WHAT YOU WILL DO. Once the line holding "Once upon a" is found in the entries below, transcribe exactly every line up to and including the one holding "monogram-print shorts light", but leave out the pictures.

[RECORDS — start]

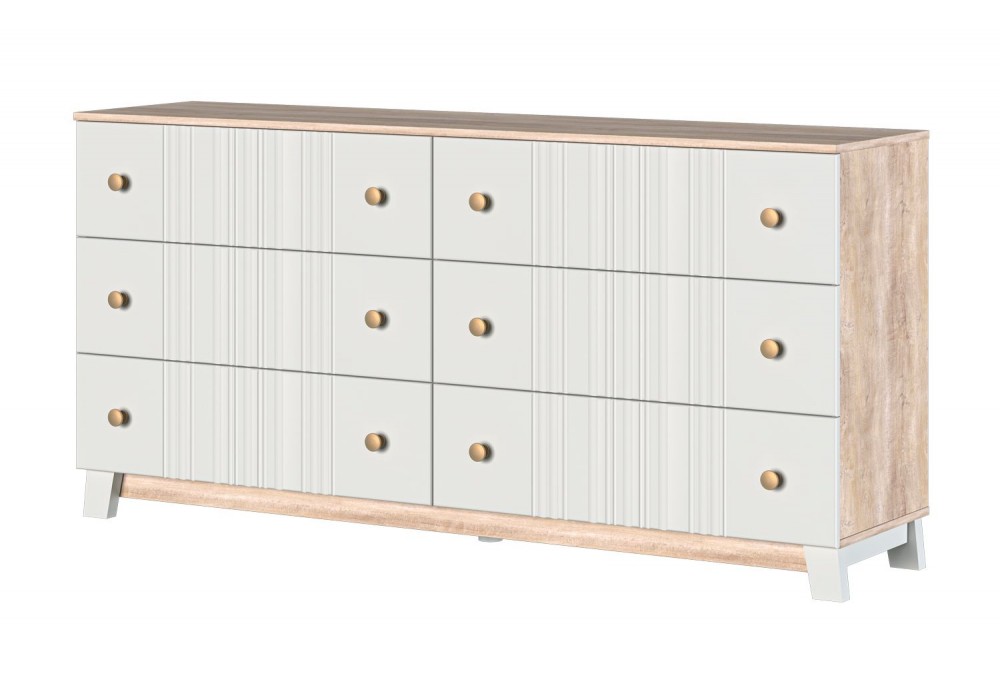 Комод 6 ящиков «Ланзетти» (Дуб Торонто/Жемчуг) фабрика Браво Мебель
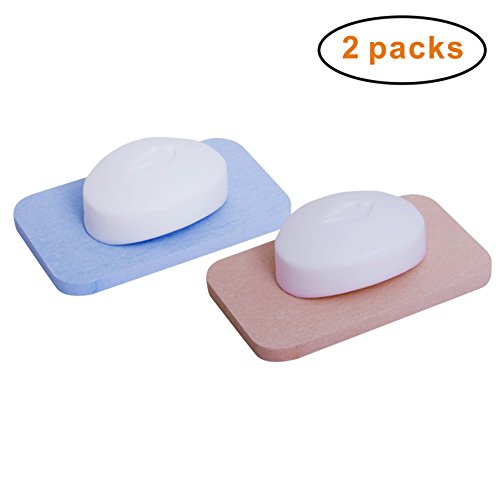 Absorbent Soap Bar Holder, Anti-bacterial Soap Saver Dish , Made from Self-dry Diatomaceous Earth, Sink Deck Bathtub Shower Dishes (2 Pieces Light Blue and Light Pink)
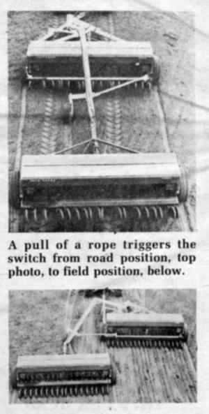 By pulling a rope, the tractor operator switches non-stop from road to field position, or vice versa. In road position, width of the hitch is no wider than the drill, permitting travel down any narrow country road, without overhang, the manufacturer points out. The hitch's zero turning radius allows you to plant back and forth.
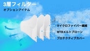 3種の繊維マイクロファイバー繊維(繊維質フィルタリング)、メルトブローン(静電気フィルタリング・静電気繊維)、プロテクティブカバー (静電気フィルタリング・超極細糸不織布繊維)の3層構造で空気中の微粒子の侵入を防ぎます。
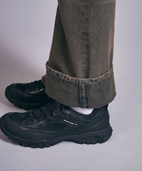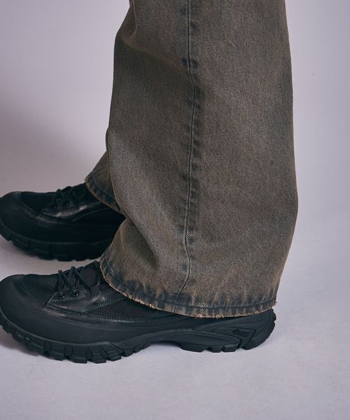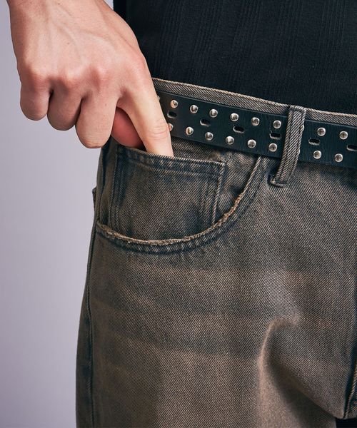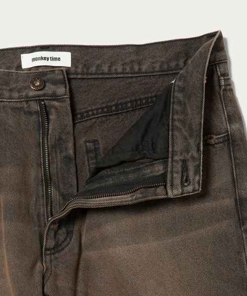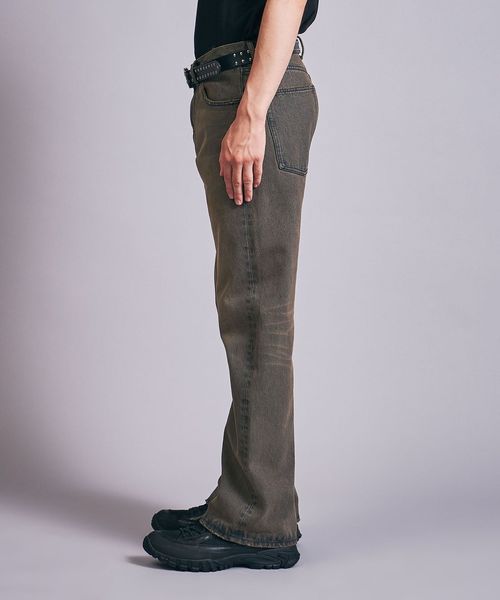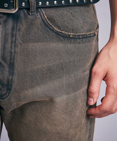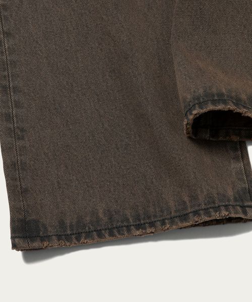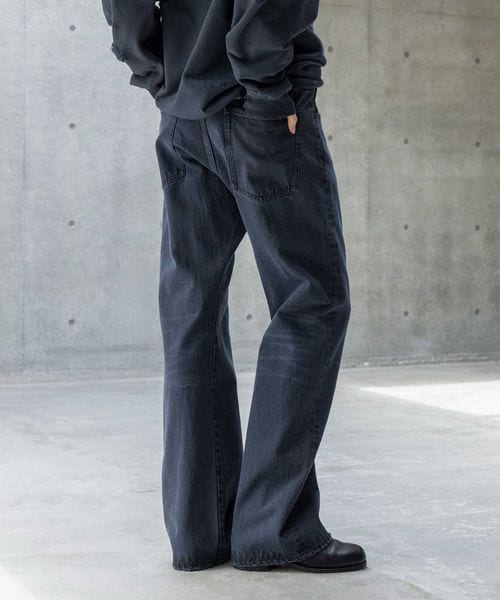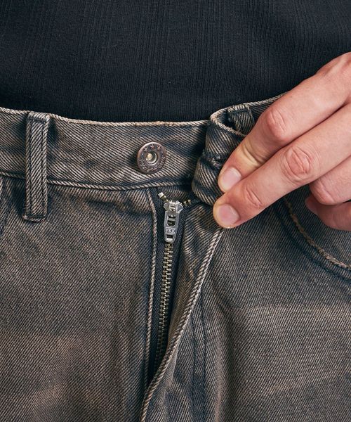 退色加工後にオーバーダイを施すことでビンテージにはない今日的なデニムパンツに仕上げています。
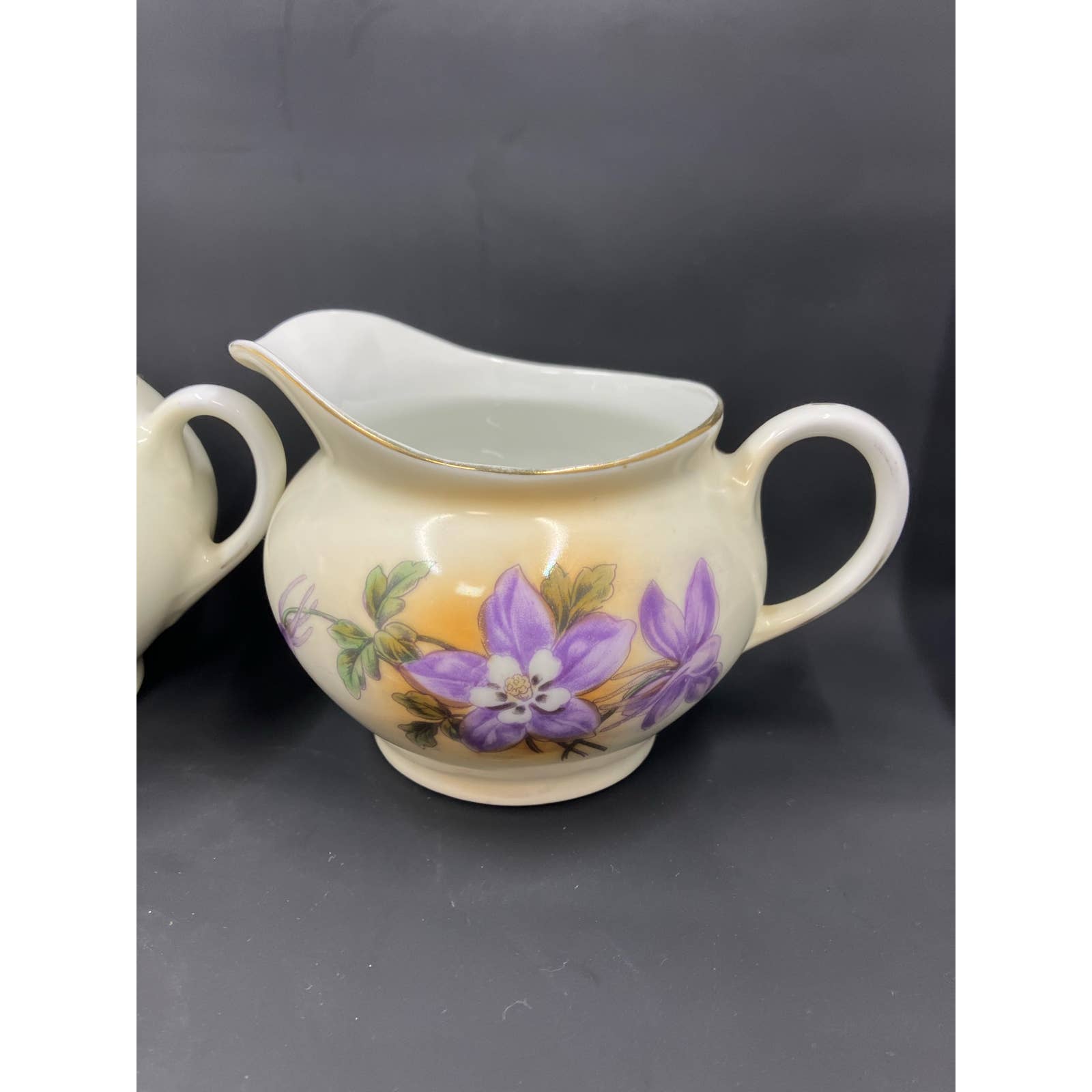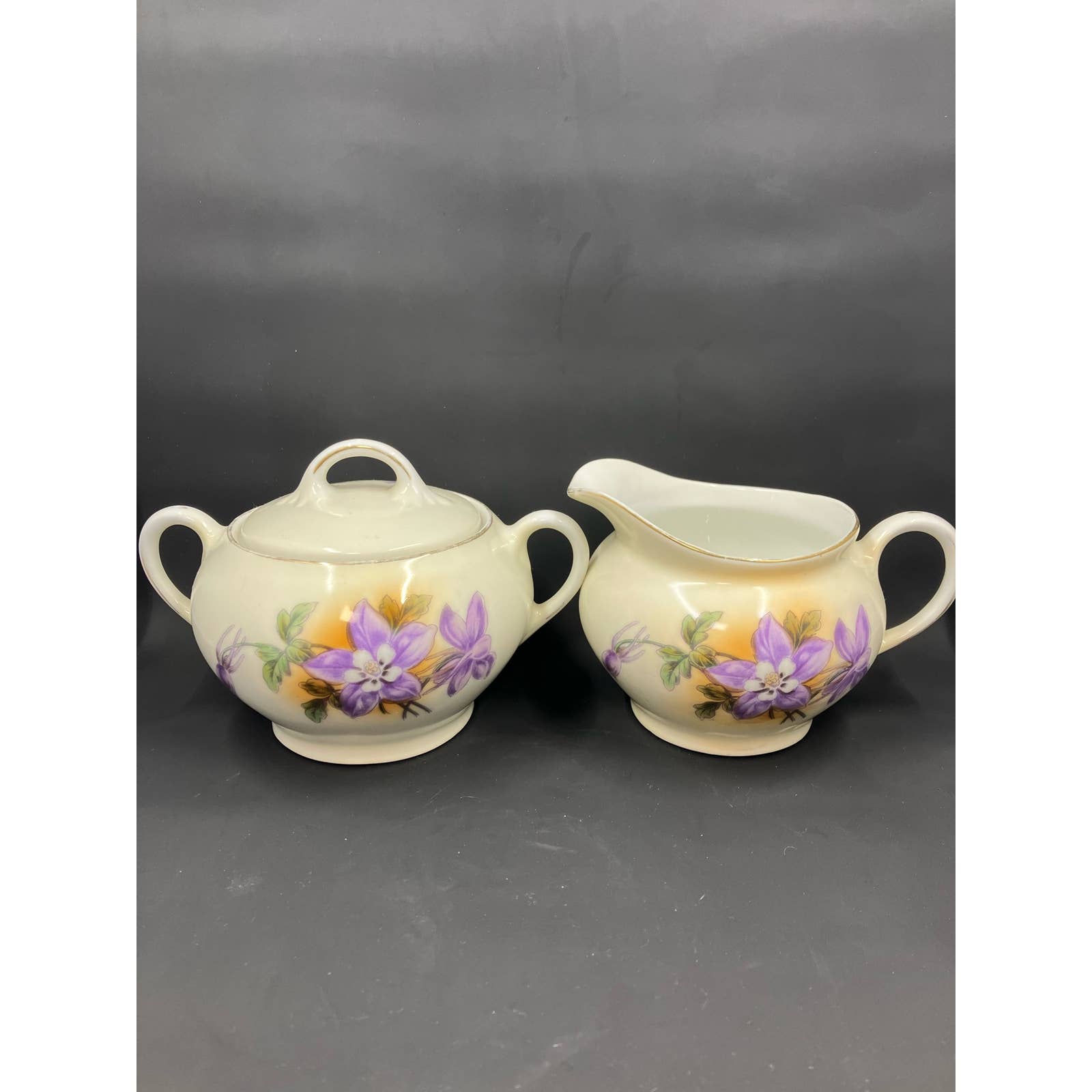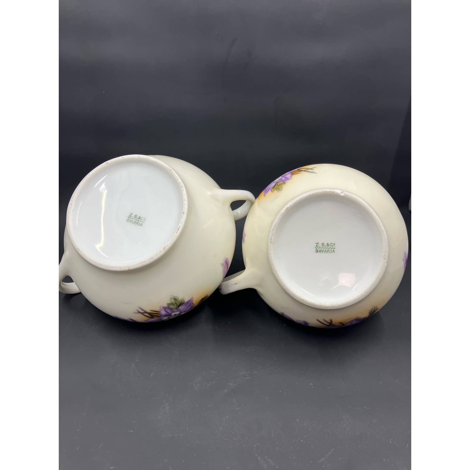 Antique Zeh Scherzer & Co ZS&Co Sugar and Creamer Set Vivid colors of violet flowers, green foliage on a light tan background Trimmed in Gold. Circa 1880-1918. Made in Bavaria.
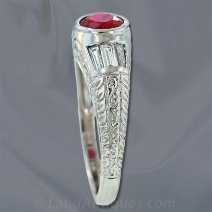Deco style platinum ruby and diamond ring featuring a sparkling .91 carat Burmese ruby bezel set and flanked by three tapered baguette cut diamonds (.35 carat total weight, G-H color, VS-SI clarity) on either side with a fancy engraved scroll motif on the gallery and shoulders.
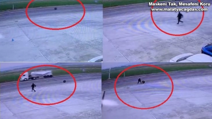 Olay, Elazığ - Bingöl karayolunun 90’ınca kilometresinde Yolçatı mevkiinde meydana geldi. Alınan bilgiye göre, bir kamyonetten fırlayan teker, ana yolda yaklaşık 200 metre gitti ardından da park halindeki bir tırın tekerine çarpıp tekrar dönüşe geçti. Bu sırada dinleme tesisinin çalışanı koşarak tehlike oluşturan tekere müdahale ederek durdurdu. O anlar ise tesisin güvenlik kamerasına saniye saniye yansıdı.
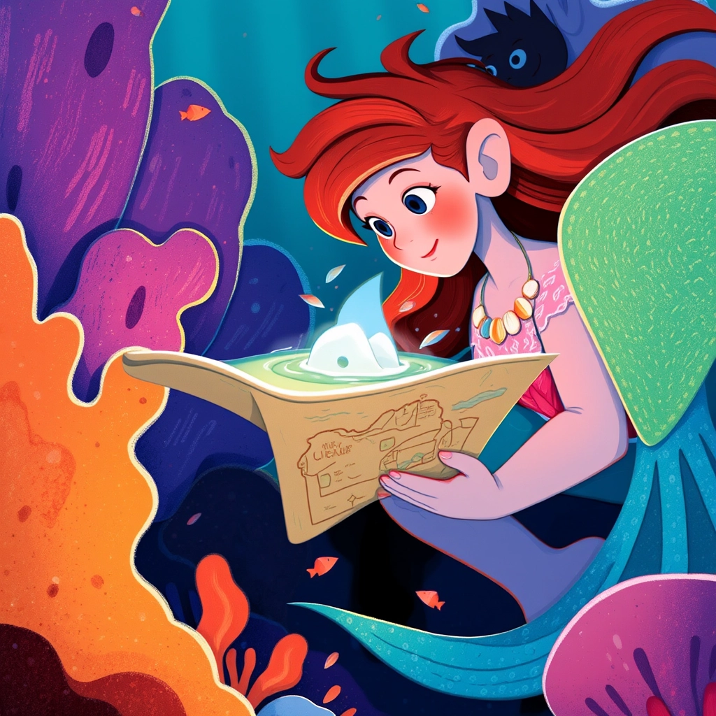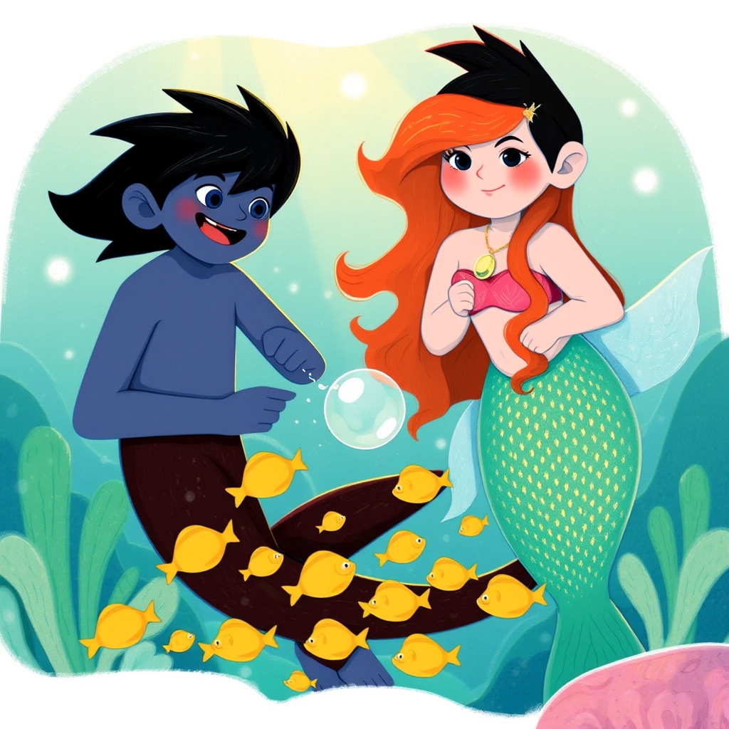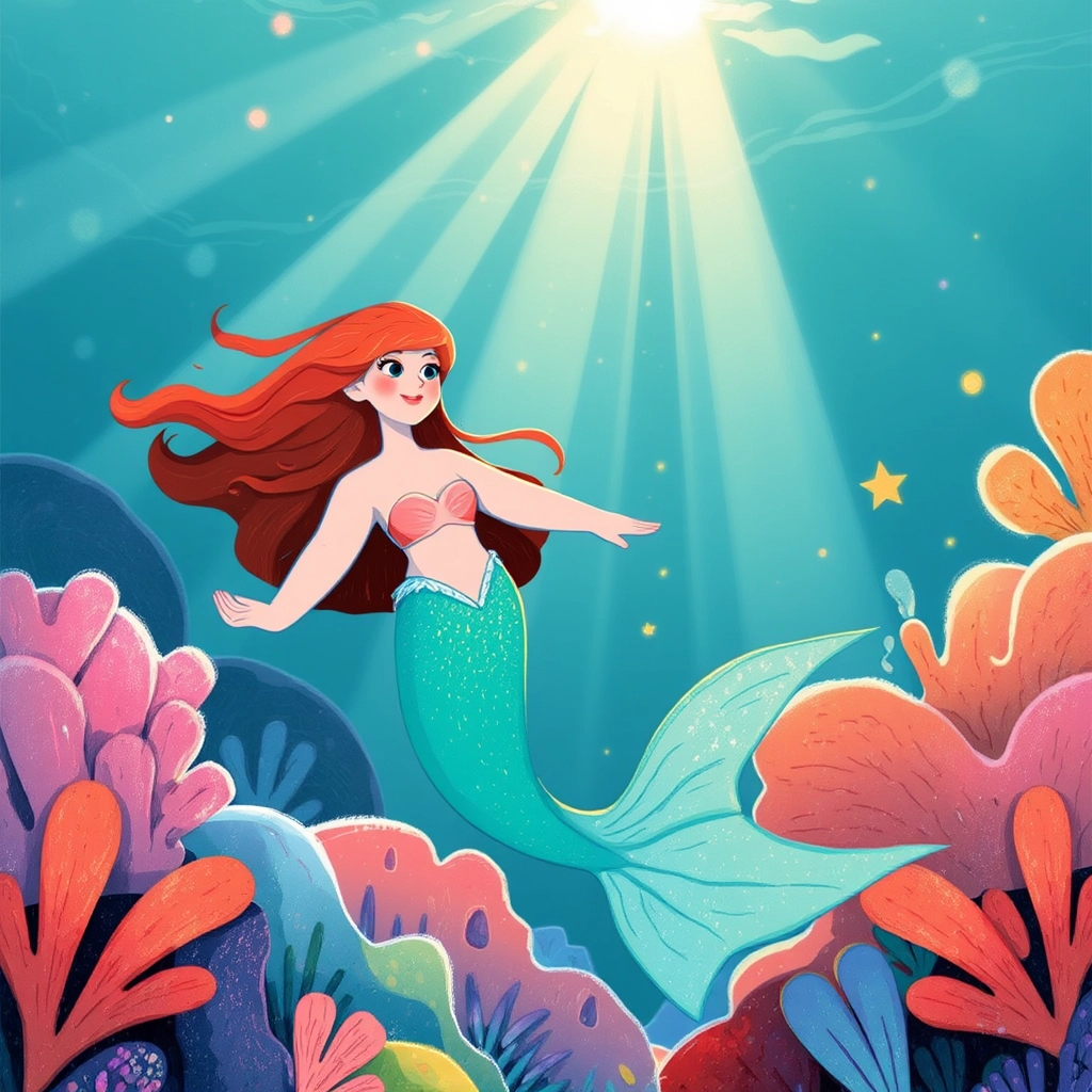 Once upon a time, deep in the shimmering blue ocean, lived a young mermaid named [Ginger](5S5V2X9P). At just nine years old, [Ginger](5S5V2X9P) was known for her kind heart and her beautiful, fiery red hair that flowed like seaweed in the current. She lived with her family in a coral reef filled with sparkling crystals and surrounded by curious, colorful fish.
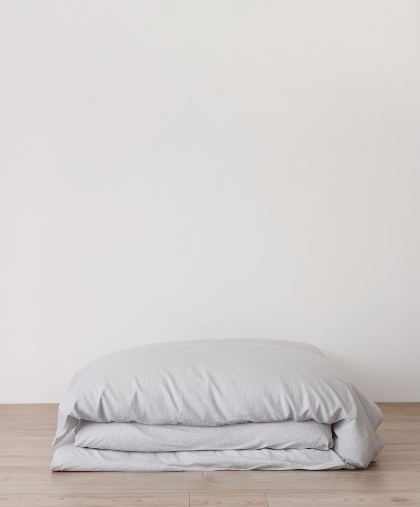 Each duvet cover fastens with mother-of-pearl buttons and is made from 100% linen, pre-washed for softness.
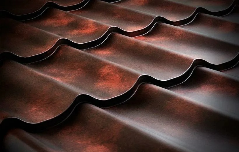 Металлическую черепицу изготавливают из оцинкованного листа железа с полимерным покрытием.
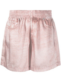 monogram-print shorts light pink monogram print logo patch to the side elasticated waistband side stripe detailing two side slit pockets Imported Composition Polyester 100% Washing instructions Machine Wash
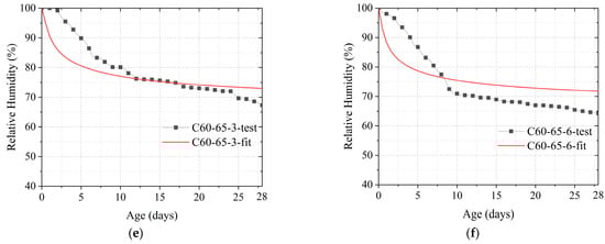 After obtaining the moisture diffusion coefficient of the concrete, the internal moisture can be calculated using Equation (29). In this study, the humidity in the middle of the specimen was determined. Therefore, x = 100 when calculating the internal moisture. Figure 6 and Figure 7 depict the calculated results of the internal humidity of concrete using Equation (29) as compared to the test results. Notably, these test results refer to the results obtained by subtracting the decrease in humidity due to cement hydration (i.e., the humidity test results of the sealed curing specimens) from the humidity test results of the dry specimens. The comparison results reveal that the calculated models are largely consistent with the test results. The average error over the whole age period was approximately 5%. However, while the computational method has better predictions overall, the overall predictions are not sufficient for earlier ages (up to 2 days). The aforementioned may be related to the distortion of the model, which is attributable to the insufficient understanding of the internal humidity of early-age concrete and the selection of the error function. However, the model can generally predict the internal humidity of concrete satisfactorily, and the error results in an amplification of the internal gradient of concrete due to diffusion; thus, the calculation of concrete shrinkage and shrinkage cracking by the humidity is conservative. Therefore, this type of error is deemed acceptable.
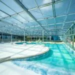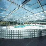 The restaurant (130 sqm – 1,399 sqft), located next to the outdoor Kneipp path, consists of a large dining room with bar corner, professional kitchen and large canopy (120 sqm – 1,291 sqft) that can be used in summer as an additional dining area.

[RECORDS — finish]

RESPONSE BOX.
 Once upon a time, deep in the shimmering blue ocean, lived a young mermaid named [Ginger](5S5V2X9P). At just nine years old, [Ginger](5S5V2X9P) was known for her kind heart and her beautiful, fiery red hair that flowed like seaweed in the current. She lived with her family in a coral reef filled with sparkling crystals and surrounded by curious, colorful fish.
 Each duvet cover fastens with mother-of-pearl buttons and is made from 100% linen, pre-washed for softness.
 Металлическую черепицу изготавливают из оцинкованного листа железа с полимерным покрытием.
 monogram-print shorts light pink monogram print logo patch to the side elasticated waistband side stripe detailing two side slit pockets Imported Composition Polyester 100% Washing instructions Machine Wash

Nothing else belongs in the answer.